Designing a study includes developing good research question(s), choosing an appropriate methodology, estimating sample size, selecting data collection tools, and creating an analysis plan.
Your study design is guided by the research question(s). For example, does your question start with “how?” or “why?” If so, your questions might be better addressed using qualitative methods. If you are asking “What?”, “When?, “Where?” or “How much?” you could consider quantitative methodologies. You might even combine both into a mixed methods approach.
Example Study Designs:
- Descriptive (case reports, case series, descriptive surveys)
- Observational/Analytic (cross-sectional, case-control, cohort, hybrid)
- Experimental/Intervention (randomized controlled trials, quasi-experimental designs)

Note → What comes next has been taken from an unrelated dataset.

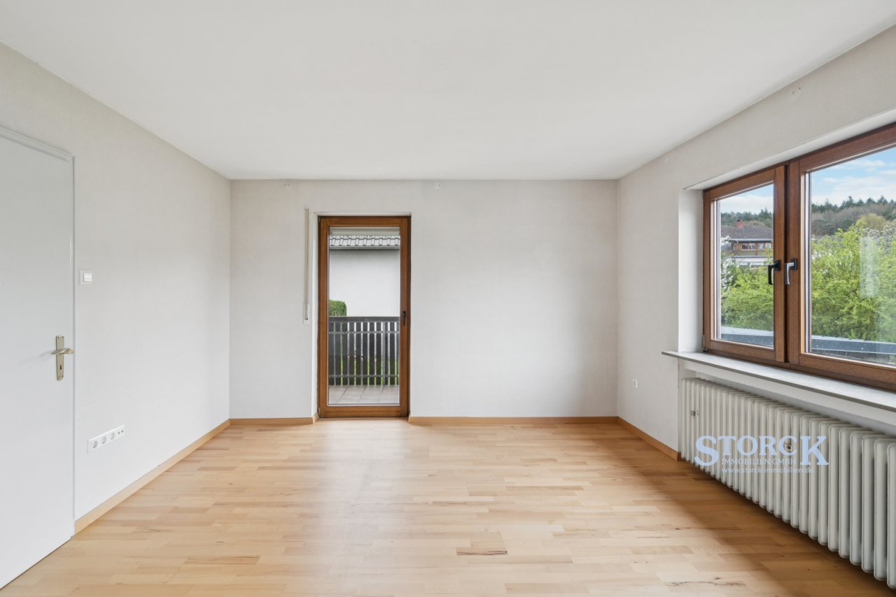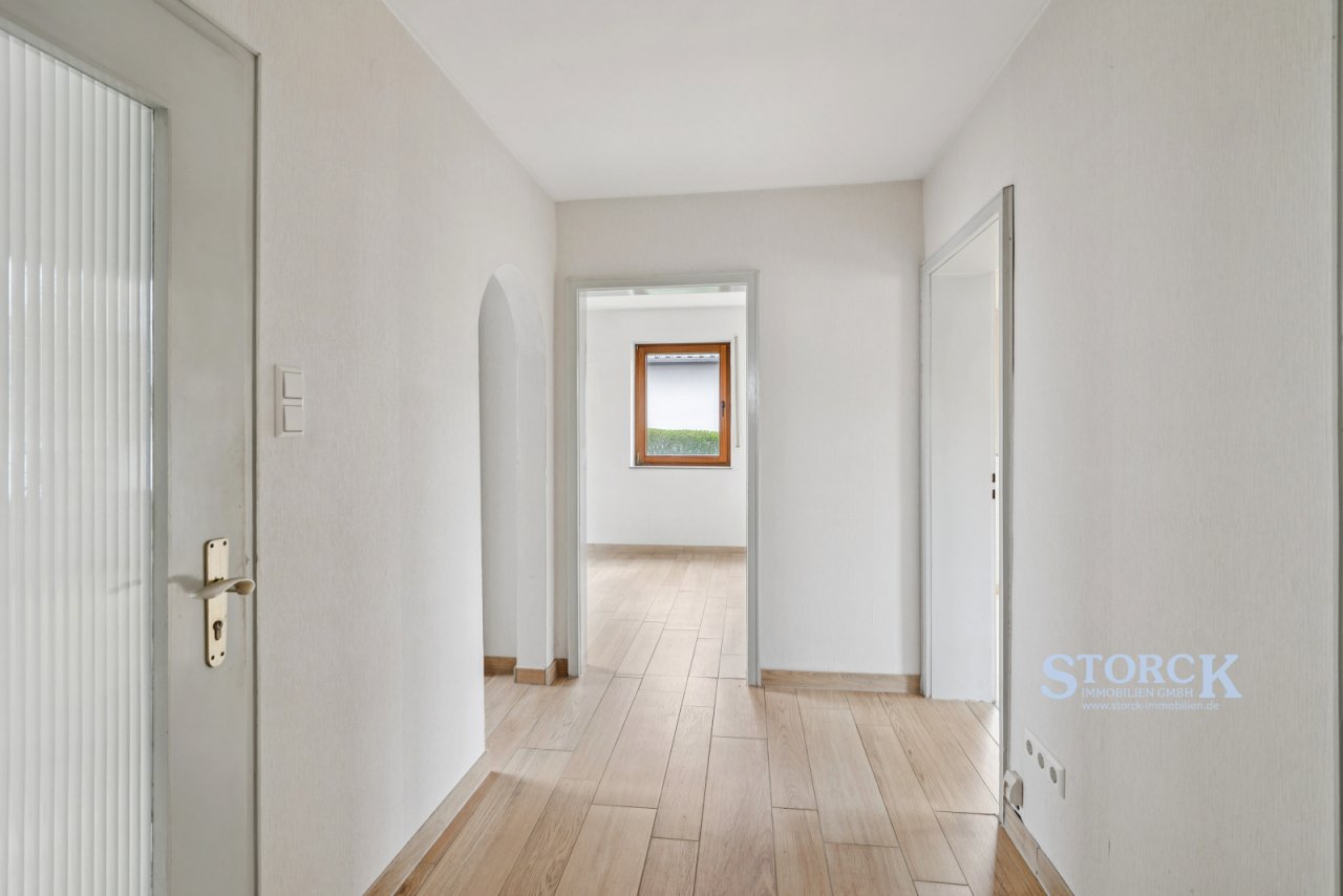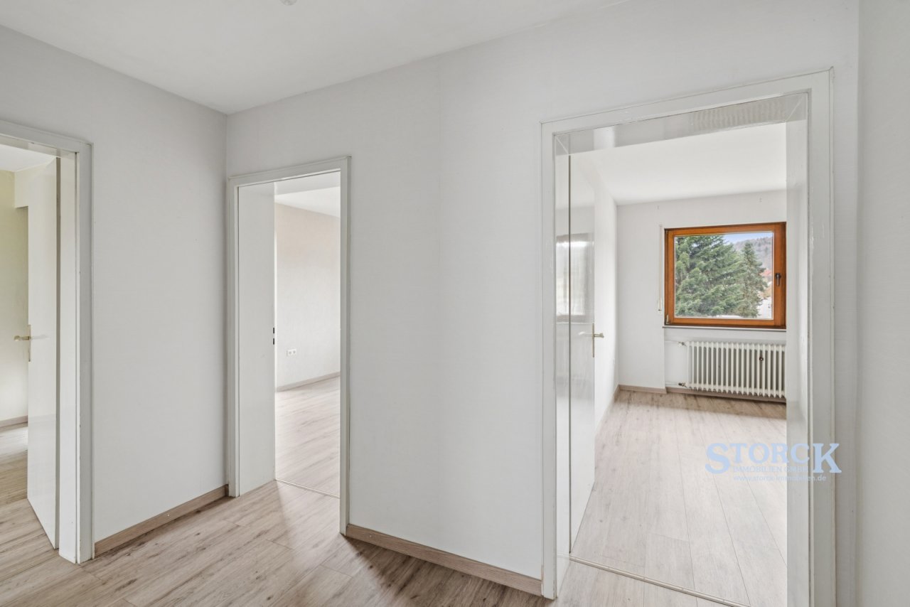 Im Obergeschoss befinden sich drei Schlafzimmer, ein Badezimmer sowie ein Flur, ebenfalls mit Balkonanschluss.

- Mixed Methods (quantitative and qualitative methodologies combined)
Sample size calculations are a key part of a research study. Sample size calculations should be run for each of your main/primary outcomes so you know that your study won’t be underpowered for any of the questions you plan to address.
The sample size calculation depends on your hypothesis test, the significance level (usually set as 5%), and the power and results from your pilot study. There are many formulas available for different research situations. Please submit an online service request for assistance with these calculations.
Another important part of study planning is selecting a sampling technique. How will you select your participants? Will it be a convenience sample? Random sample? Cluster sample? Snowball sample?
Your choice will depend on the research question(s) and study design. Note that different sampling methods have corresponding potential biases. For example, if your sample was a “convenience sample,” the results may not be generalizable or may be biased in other ways (e.g. selection bias).
The analysis plan is your road map for data management and analysis. Writing up an analysis plan is a great way to keep things on track.
Conducting a complete analysis of the data you have collected will enable you to:
- Answer your research question(s)
- Determine the impact of your work
- Have scientific validation of your work
Plans also help with timelines and standardizing analytic approaches (e.g. treatment of missing values, inclusion and exclusion criteria).
Data will have to be entered, coded and checked, new variables created, etc., even when doing secondary data analyses.
Create a data dictionary containing all of your variables, any derived variables and notes about how you coded them. This is useful not only if you will be sharing the dataset with other, but for yourself (e.g. if you need to come back to the data after some time away). Keep in mind that data cleaning is a process that will likely involve you revisiting the data several times over.